Now months go by. It all seems to be dying down. You start to feel safe again. And then someone comes knocking on your door. But it’s not some faceless copper in uniform this time. This time it’s the widow herself. The brave, pregnant heroine of the day. Asking you if you saw anything on the day her hero husband was shot. What might you be tempted to do then?’
Janine slowly began to smile. ‘Confess.’
Hillary got slowly to her feet. ‘Do a few houses at a time. Concentrate on the old or those living alone. Wear something that shows off that bump. Hell, Janine, you know what signs to look for as well as I do.’
Janine’s smile widened. ‘I’ll do it. Thanks, boss.’
And Hillary, feeling about as low as a worm’s belly, watched her go off on her wild goose chase, and sighed heavily.
* * *
Whilst Hillary Greene watched her one-time sergeant set off on her mission, Clive Myers crossed the border into Wales.
The ex-soldier had set off at 3:30 that morning, a time which his stint in the army had told him was the optimum time for catching people unawares. He’d found it easy to give his watchers the slip, and then he’d walked for two miles out of Thame to a deserted country barn where he’d stashed a dented old van, days before shooting and killing Superintendent Philip Mallow.
It had only taken him a few hours to service the van and give the batteries a bit of a charge before taking it on the road. He doubted the coppers back at his house were even aware that he’d gone yet, and wouldn’t be for some time, especially with his usual car still parked harmlessly in front of the house.
Nevertheless, he’d kept off the motorways and taken the winding, scenic route into Wales.
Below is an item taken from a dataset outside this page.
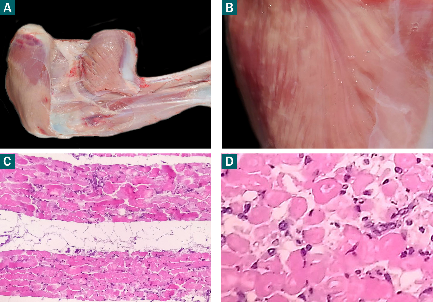 A. Macroscopic finding in muscular dystrophy due to Se deficiency in the limbs. Note the pale areas interspersed with normal areas. B. Muscular dystrophy in hind limbs muscle. C, D. Longitudinal and transverse cut sections of striated skeletal muscle, respectively. Hypereosinophilia, fragmentation, and vacuolization of the myofibrils (10X, H&E).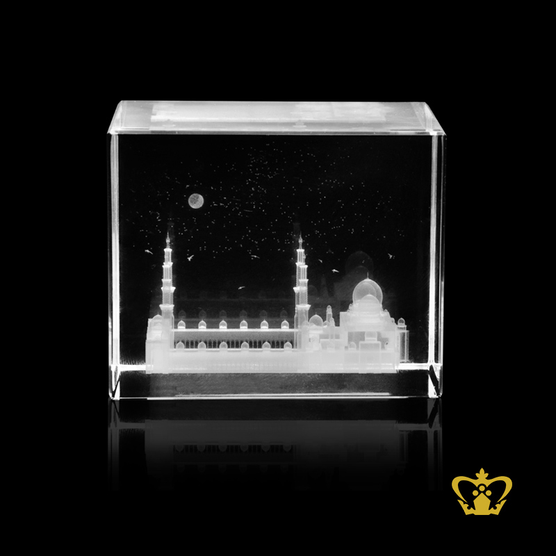 The Sheikh Zayed Grand Mosque is located in Abu Dhabi, the capital city of the United Arab Emirates. The largest mosque in the country, it is the key place of worship for daily prayers, Friday gathering and Eid prayers. During Eid, it may be visited by more than 41,000 people. You can personalize this crystal cube or rectangular crystal block by engrave your own photo, logo, text, design or any ideas. Click on customize button and upload your image or text and buy online, you can also click on enquiry button we will respond as soon as we can. To produce a 3D crystal, firstly our designers transform any of your ordinary photographs into amazingly 3D images. Then it imprinted or engraved in glass cube using our precision laser technology in crystal cube. 3D crystal cube or blocks are often used for 3D or 2D crystal portraits and given as gifts for wedding, birthdays, Valentine's Day, mother's day, father's day, graduation, convocation , remembrance, memorial or anniversary gift. There are also great corporate or business gifts for recognition awards, promotional paperweights and event mementos. Corporate logos laser engraved inside of the crystal make elegant client and employee gifts. These laser crystals accommodate 3D layered designs where text and image can be engraved at different depths in the crystal. You can add an optional light base and the interaction of the white LED light with the engraving creates bright and sparkling 3D keepsake.

It was such forward planning that had earned him the praise of his instructors and superior officers in the army. And it was that mentality that had enabled him to get so many things in place beforehand, ready for the time when they’d be needed.
Before even getting into his disguised van to set out for police HQ on the day Mel Mallow died, for instance, he’d planted tiny bugs on the vehicles of all those closest to the trio of animals who’d raped his daughter. Including the best friend of his daughter’s rapist, John Dix. Knowing a man who could kit him out with all the latest gear was another huge help, and along with practising his marksmanship, he’d also been updating himself with everything that modern technology had to offer.